The whole imposing edifice of modern medicine, for all its breathtaking successes, is,
- Prince Charles
Photo source: migraine-facts.co.uk
by Mandi Bishop
Why would a child as young as 3 years old be on mind-altering drugs? For the past 8 months, the News 4 WOAI Trouble Shooters poured through reams of state documents and discovered thousands of foster kids appear to be on powerful psychotropic drugs. Many were barely in kindergarten. Some were mere toddlers. "We didn't even know he was in the hospital until he called us from Laurel Ridge himself," a woman referred to as "Magdalana" told them. (They disguise her name in order to protect the identity of her 6-year-old grandson.) She said her grandson was confined to a psychiatric hospital following a temper tantrum after which he called his grandmother for help. "I mean he was like," Magdalana describes, "maybe you could say he looked more like a zombie."
Trouble Shooter Tanji Patton asked, "How could you tell by looking at him that he was on medication?" Magdalana answered, "His attitude, his eyes, his way of speech. All that." Magdalana said a nurse confirmed her fears -her grandchild was on 2 different psychotropic or mind-altering drugs, plus benadryl to help him sleep. As it turns out, Magdalana's grandchild wasn't alone. A sampling of state records released by the State Comptroller's office shows 2 of 3 foster children in Texas appear to be on psychotropic meds. The Medicaid prescription records from November of last year show that many kids are taking 2 or more drugs.
At the risk of losing her job, a Child Protective Services worker spoke to Trouble Shooters following a hearing by State Representative Carlos Uresti last month. She spoke of one child on 17 different medications. "I think he had 3 - 4 psychotropic medications in addition to Depakote, Zoloft, and Trazadone to help him sleep." Some of these drugs the FDA states are not safe for children. "He did need medications," she continued, "but I had concerns about how could any child could require 17 different prescriptions."

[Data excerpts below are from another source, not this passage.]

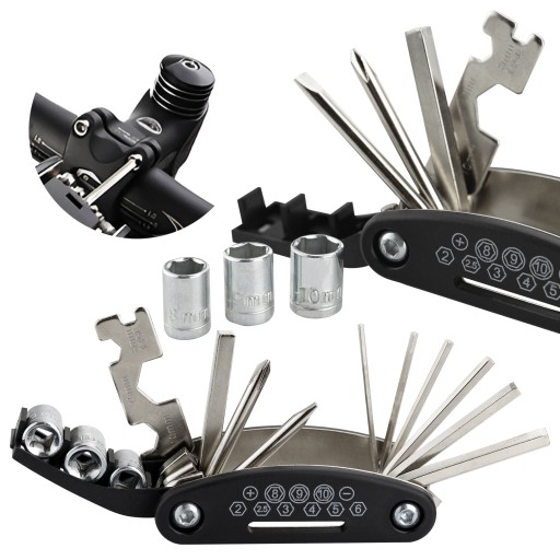 Кожен ключ виготовлений з високоякісних матеріалів, що гарантує їх довговічність і стійкість до пошкоджень. У набір входять, серед іншого, плоска та хрестова викрутки, рожкові ключі, шестигранні ключі, торцеві ключі та ключ зі спицями. Леза ключа виготовлені точно, що дозволяє легко та безпечно закручувати та відкручувати гвинти та гайки.
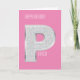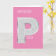Pink Silver Letter P grey monogram faux glitter glam personalised with name birthday card
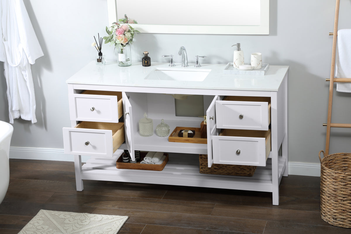 The subtle beauty of the Theo collection vanity exudes comfortable luxury. Its modern, yet traditional beauty will surely dress up your bathroom or powder room without any fuss. The calacatta engineered marble countertop and porcelain undermount sink shows quiet opulence, and the legs support upright without fail. Brushed nickel hardware complements the classic white finish, with pulls adorning the two cabinet doors, showcasing ample storage space within. Slated shelf allows for additional space to organize your towels. Whether this vanity is in your bathroom or for guests, its presence will surely elevate the aesthetics of your room.

Perhaps more alarming, advocates say, are the ages of the kids. Trouble Shooters obtained a never-before-released study tracking ages of foster kids on drugs during a 1-month period of time. At least 300 of the children were under the age of 7.
Tanji Patton recently asked President and CEO of the Children's Shelter in San Antonio, Jack Downey, "How big a problem do you think this is?" Downey replied, "Far larger than you or I or anyone else suspects." A longtime advocate for children, he says his heart aches when he talks about the cases. He shared a story of one family he remembered in particular. "We had a wonderful family of 5 boys. If they walked in right now you'd love them." The oldest was 10, the youngest 3. "We were directed by the state to take the boys to a psychiatrist," he said. "We did and they all came back on 3 meds. Those boys no more needed meds than I did." Patton prompted, "Every child?" Downey replied, "Every child." Why would a 3-year-old need psychotropic medications? "I have no idea. He was just the jolliest little kid," Downey reminisced.

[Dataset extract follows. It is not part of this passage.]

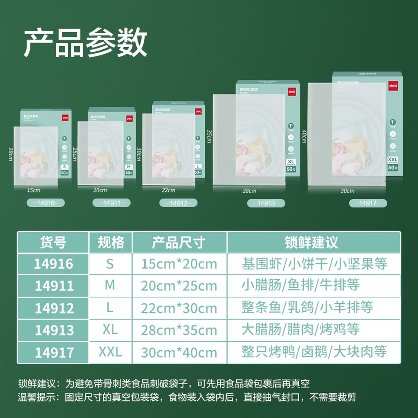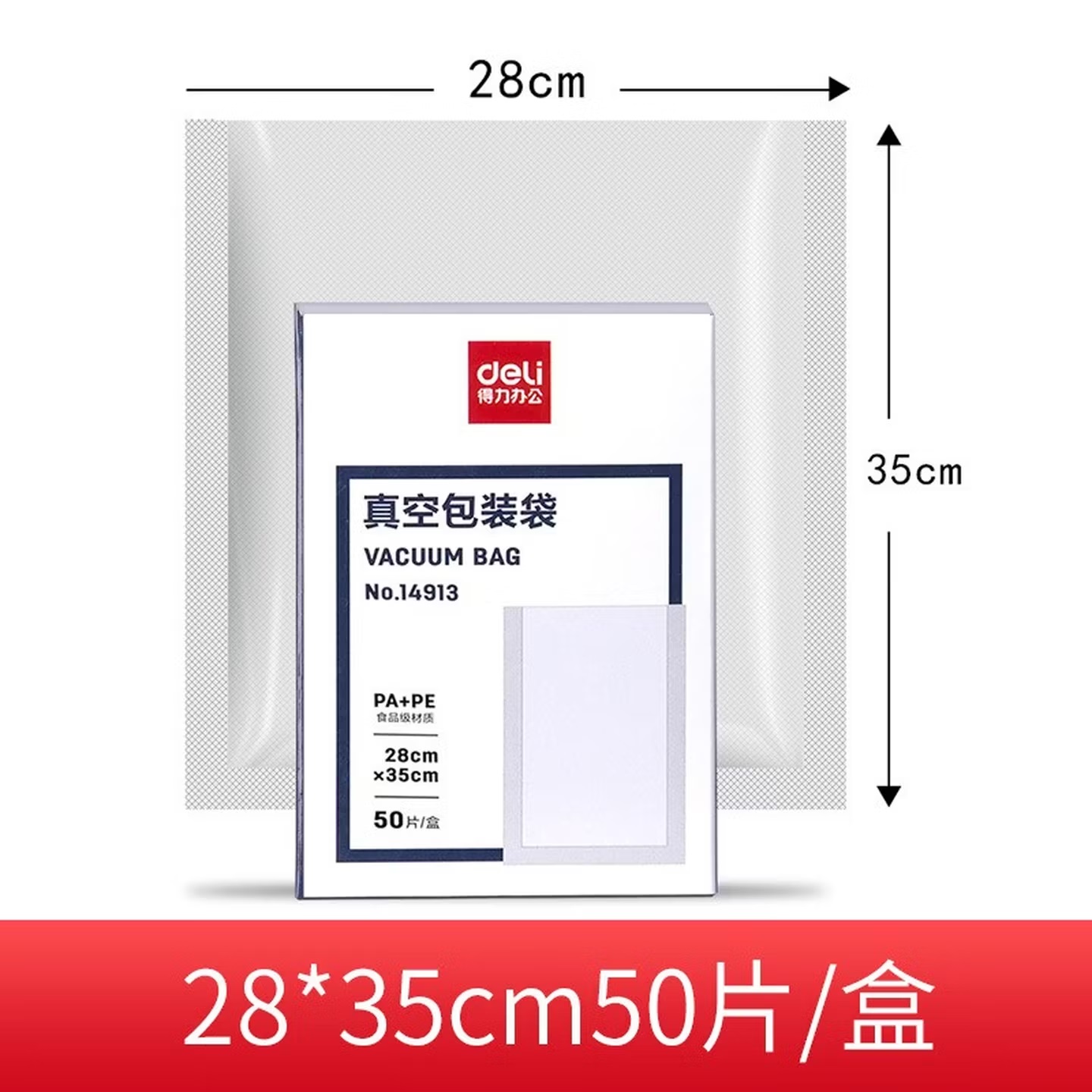 • 商品名称:得力14913食品级材质 双面压纹 透明真空包装袋 28mm×35mm×50片

Who prescribes these meds? You might think psychiatrists, but after poring through thousands of documents, Trouble Shooters found that was frequently not the case - many were family practitioners. State records show one of the biggest prescribers in San Antonio was a radiologist - legal, but what would a radiologist know of a child's mental health? Trouble Shooters also found some doctors had documented drug problems of their own. One such was Dr Charles Sargent, San Antonio psychiatrist, listed as one of the state's top prescribers of antidepressants to kids on Medicaid. Records obtained showed he also prescribed stimulants and powerful antipsychotics. But the Texas State Board of Medical Examiners put Dr Sargent on probation in recent months because, state records show, he had prescribed narcotics to himself, his girlfriend and her son. As part of his probation, he must submit to random drug testing. He declined a request for an on-camera interview, but spoke by phone to say that the anti-depressants he prescribed had FDA approval for kids. He did not return a call questioning his suspension
Another frequent prescriber on state records was Benny Fernandez, medical director at Laurel Ridge Psychiatric Hospital. Fernandez said his practice was primarily treating foster kids. He maintained that psychotropics were necessary for many of the children. "I think the way we are moving now is using them as a last resort if we can," he told Tanji Patton. Patton asked, "When more than 60% in a 1-month period [were put] on medications, do you think it's being used as a last resort?" Fernandez replied, "Well, those numbers seem a little bit high." When asked if he thought too many kids have been put on medications, he said, "I wish those numbers would go down and that's what we need to focus our energy and efforts in making sure that the medications, when they are used, are used appropriately and there's a careful diagnostic evaluation."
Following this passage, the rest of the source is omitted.